I am reading '3D imaging and mechanical modeling of helical buckling in Medicago truncatla plant roots' by Silverberg et al.
At a certain point there is a 3D curve (that is supposed to be like an 'irregular helix') parametrized by $$ (x(z),y(z),z) $$ and the authors claim that the average length, i.e. the average vertical extent of the helix can be calculated using $$ \frac{\left( \int r(z)^2 dz\right)^2}{\int r(z)^4 dz } $$ where $$ r(z)^2= x(z)^2+y(z)^2$$ is measured from the central axis of the helix, which is oriented to coincide with the z axis.

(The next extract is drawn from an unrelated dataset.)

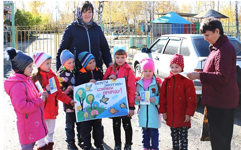
Акция « Береги электроэнергию»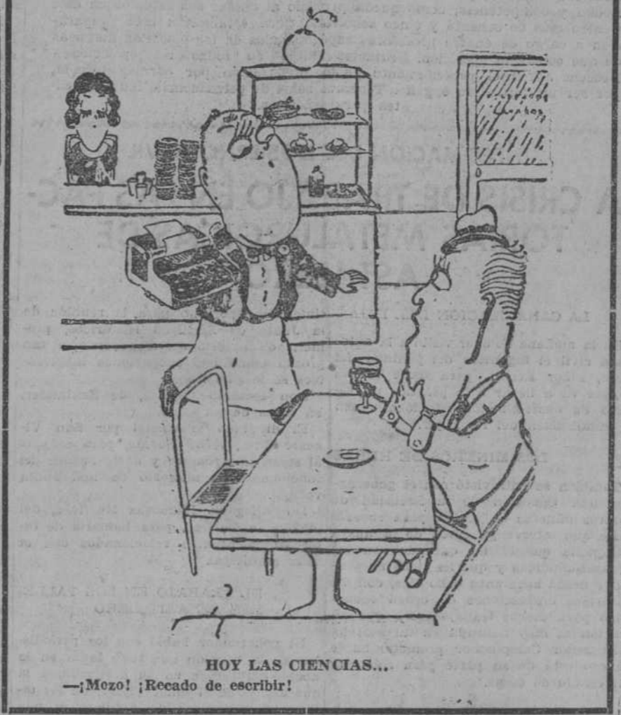
HOY LAS CIENCIAS... —¡Mezo! ¡Recado de escribir!

What's the mathematical derivation of this formula?
The expression they provide is just a useful measure, but it is not exact.
Let me first recast the problem in a simpler form, maybe easier to handle. The helical geometry is not essential, as the only relevant value is the radius $r$. So one can translate everything to the plane.
Given a continuous function $f(x)$ such that it is different from zero only on a certain interval, without loss of generality $[-\frac{L}{2};\frac{L}{2}]$, we can ask the question of looking for a quantity that could give us an approximation of the said interval length.
This is analogous to what they do in the paper you cite: they deal with “localised” helices, such that $r$ is different from $0$ only over an interval (this explains their comment on why the expression they mention is rather insensitive to integration limits).
So, looking for such quantity, first of all we would like it to be dimensionally right: and the expression you quote has the dimension of length (the denominator has dimension $L^6$ and the denominator $L^5$), so we indeed get a length out of it, dimensionally speaking.
Further, we can check how the provided expression works for “box” type functions, zero outside an interval (of length, say, $L$) and equal to a constant, which we call $a$, inside it. Then, the expression you quote simplifies to $$ \frac{(L a^2)^2}{L a^4} = \frac{L^2 a^4}{L a^4} = L $$ as desired.
For a general function $f$, one can use the mean value theorem, and say $$ \frac{(\int_{-\infty}^{\infty} f^2(x) \mathrm{d}x)^2} {\int_{-\infty}^{\infty} f^4(x)\mathrm{d}x} = \frac{(\int_{-L/2}^{L/2} f^2(x) \mathrm{d}x)^2} {\int_{-L/2}^{L/2} f^4(x)\mathrm{d}x} = \frac{(L f^2(\xi_1))^2}{L f^4(\xi_2)} = L \frac{f^4(\xi_1)}{f^4(\xi_2)} $$ And it all boils down to the fact $\xi_1$ and $\xi_2$ are “close”.
We can further check that the answer is not exact for less simple functions: one can try functions such as $ f(x) =\beta \sqrt{cos(x)}$ defined on $[-\pi/2;\pi/2]$ and zero everywhere else, or $ f(x) = \beta \sqrt{1-x^2}$ defined on $[-1;1]$ and zero everywhere else , and verify that the answer is only an approximation, albeit very useful.